Portland Street was an innovative property speculation by Richard Evamy, former saddler and now hop merchant, in the late 1820s and early 1830s. It was built on land occupied from the mid-eighteenth century by a large capital mansion house, with extensive gardens and outbuildings, the residence since c.1788, of Colonel James Morgan, originally of Purbrook Park near Waterlooville. Evamy purchased the estate in 1810 from his son. Following a succession of leases – including to the actress Sarah Siddons – the house was demolished in early 1826 (Southampton Herald, 27 February 1826, advertising the sale of 800,000 bricks, several thousand feet of excellent timber and 15 tons of lead for recycling). The same month 31 building lots were advertised on Evamy’s new development, which was planned as two terraces on either side of Portland Street with small lateral extensions taking in the eastern side of the proposed Portland Terrace. The lots typically had either 20-foot or 43-foot frontages. Lessees had three years from the date of the lease to build, at their own expense, a dwelling house – covering the whole street frontage - on each of the lots demised to them. Strict covenants, embracing the frontispiece, string course, plasters, pilasters, fillets, moulding, cornice, frontage and front walls, enforced a uniform appearance from street level.
A template for the two permitted elevations was provided by Thomas Benham, architect and surveyor for the development. The front walls were to be stuccoed “with the colour of Portland Stone”: in line with contemporary fashion but no doubt also hiding any inconsistencies in the brick work. The sense of symmetry was reinforced by the lessee’s obligation to pave the footpath in front of their house with Purbeck footed paving and kerb stones. Strictly timetabled regimes for cleaning, painting and recolouring the stucco were prescribed to preserve “the external uniformity, beauty and general convenience of all the houses”. Whatever individuality was permitted, as in the provision of bow windows and balconies and the creation of an additional storey, was strictly controlled. Additional storeys, for example, could not be less than 7 feet high (see Southampton City Archives D/MW 62/1/2 for covenants attached to an agreement for 6 Portland Street dated 10 April 1826).
A significant number of the first lessees were in the building or allied trades.

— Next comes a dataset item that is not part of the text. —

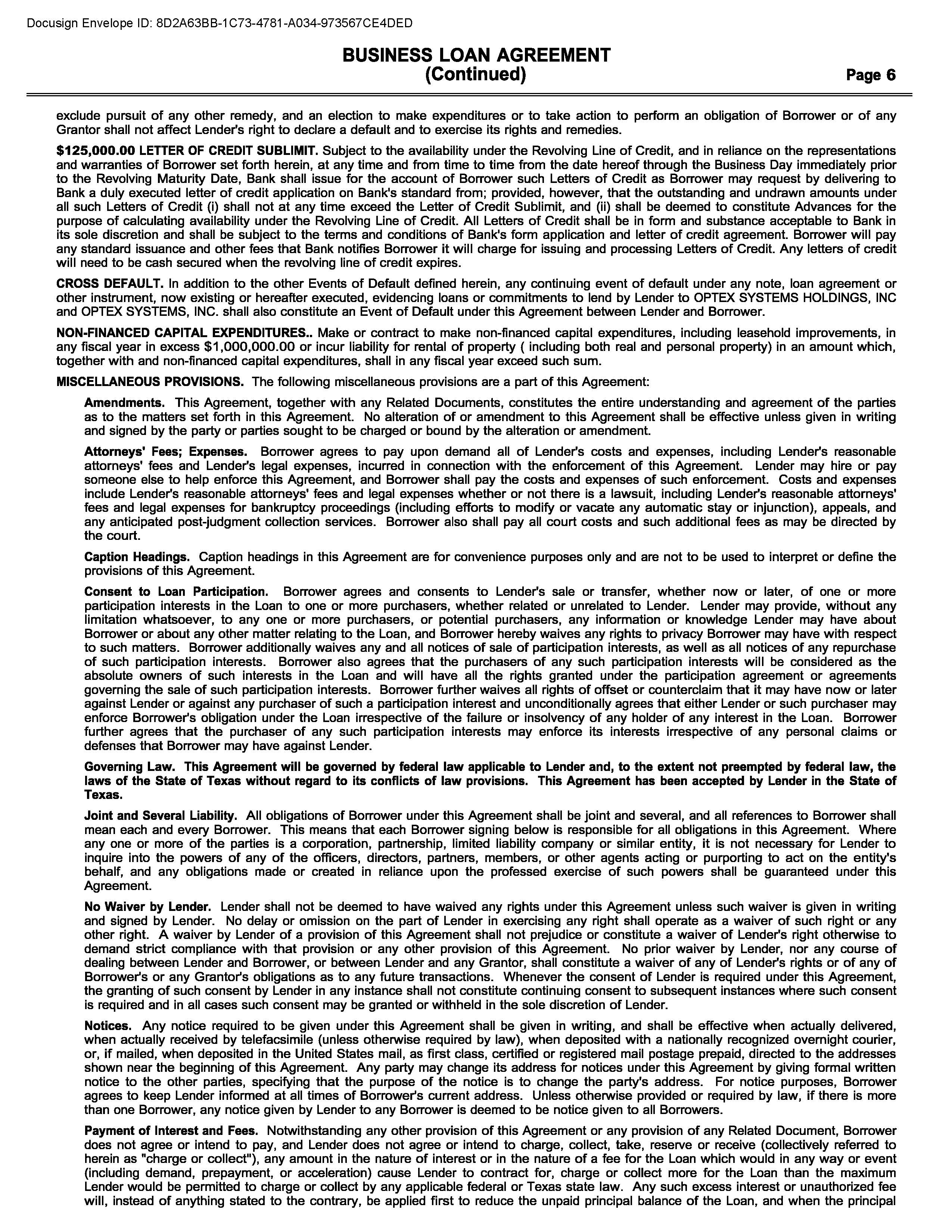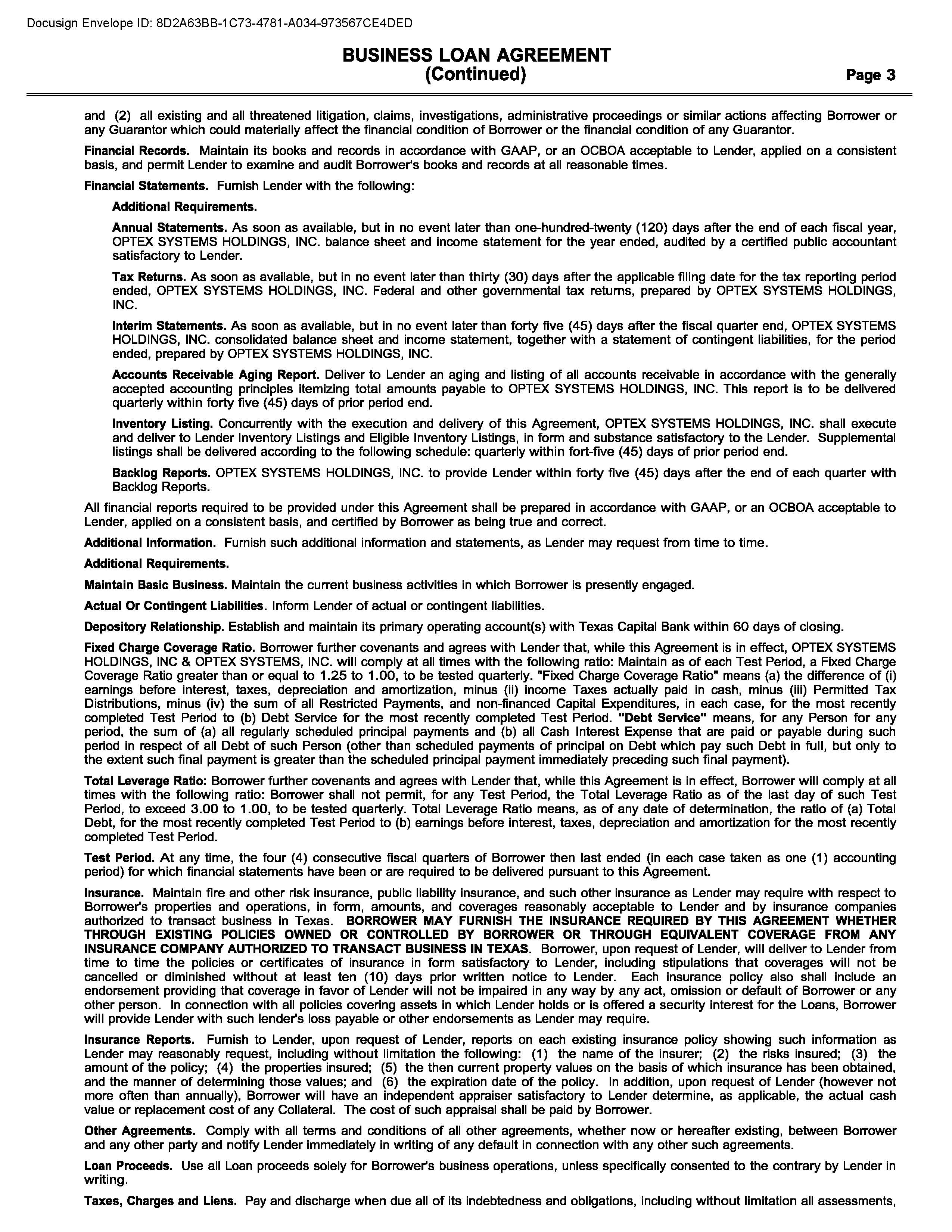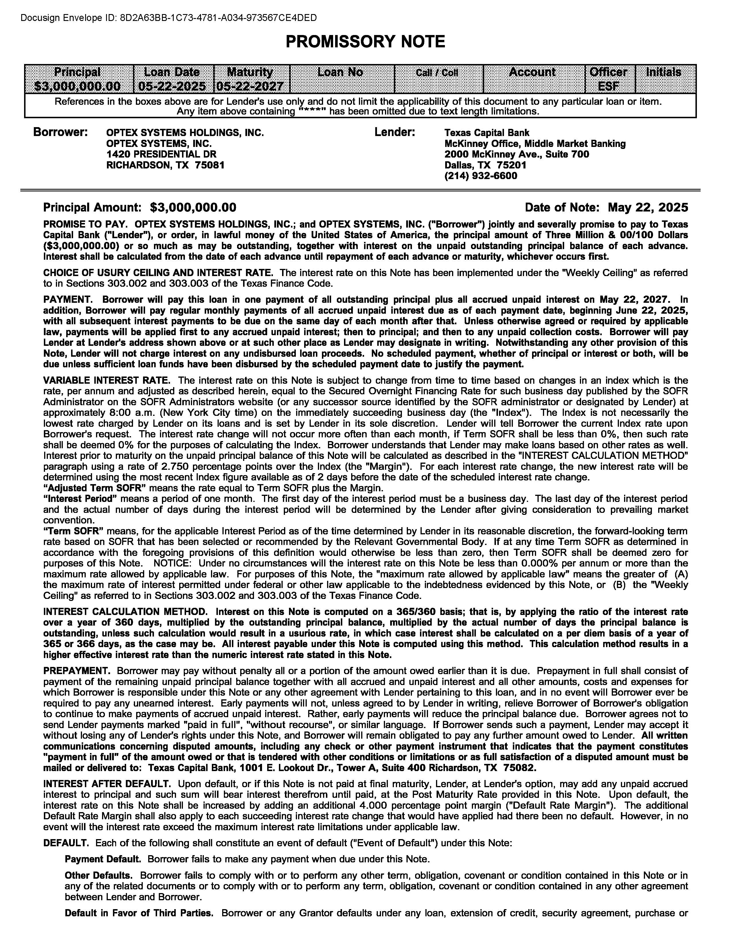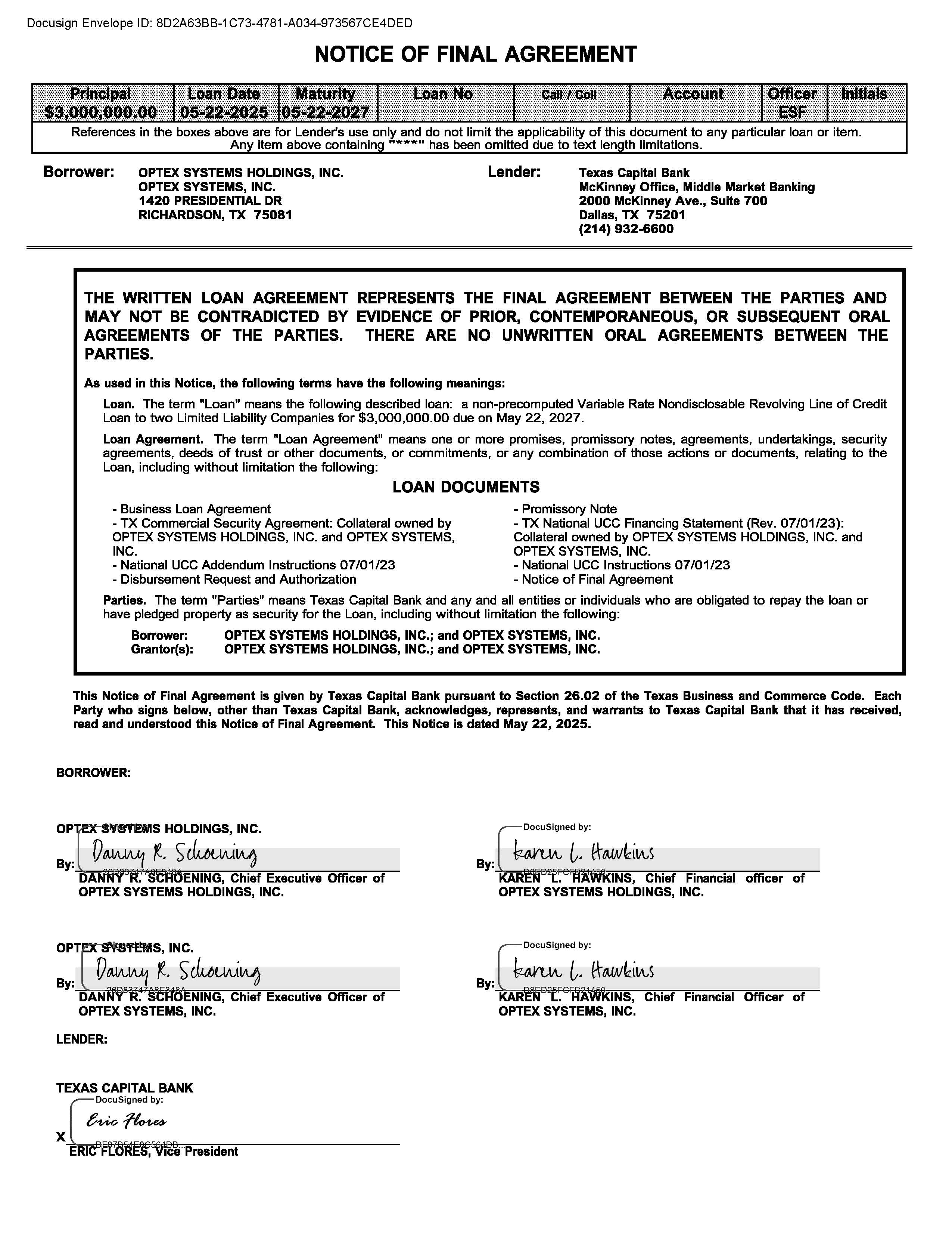| 10.1 | Business Loan Agreement effective as of May 22, 2025 by and among Optex Systems Holdings, Inc., Optex Systems, Inc., and Texas Capital Bank (including Note) | |

These included Charles Pardey and his brother-in-law Richard Hopkins Perkins, respectively builder and upholsterer/auctioneer (lots 1 to 6 and 30 and 31, with Pardey also lessee of no.7); Robert Barker and John Harvey, stonemasons (lots 5 and 6); Henry and William Henry Roe, builders and carpenters (lots 7 and 8); James King, plumber and glazier (lots 10 and 11); Thomas Batt, builder (lot 20); John Gill, builder (lot 23); John Foot, carpenter (lot 24); Thomas Benham, architect (lot 25) and William Pardey, builder (lot 30). There was little restriction on the layout of the houses beyond the outward street appearance. The houses could be built to any ground plan and could have “as many or as few windows at the back part as the lessee may think proper”. No.22 Portland Street was built purposely for a school (Salisbury Journal, 29 December 1828: advertisement for the Southampton Classical and Commercial Building School run Nathaniel King). No.2 Portland Street, with 15 bedrooms of various sizes, was a bespoke “boarding house in good taste” (Hampshire Advertiser, 10 July 1830).
Development was necessarily piecemeal, with the majority of the houses probably dating between 1828 and 1832. The original intent was that the houses form residences for “small genteel families”. In the event, many of the houses became multiple tenancies. Richard Evamy by 1834 was a bankrupt.
The south side of the street was destroyed during the Blitz, but the north side survives. Nos 1-13 are Grade II listed.
For 63 years until 2002 Gilbert's Booksellers was at the Above Bar end of the street (number 2½).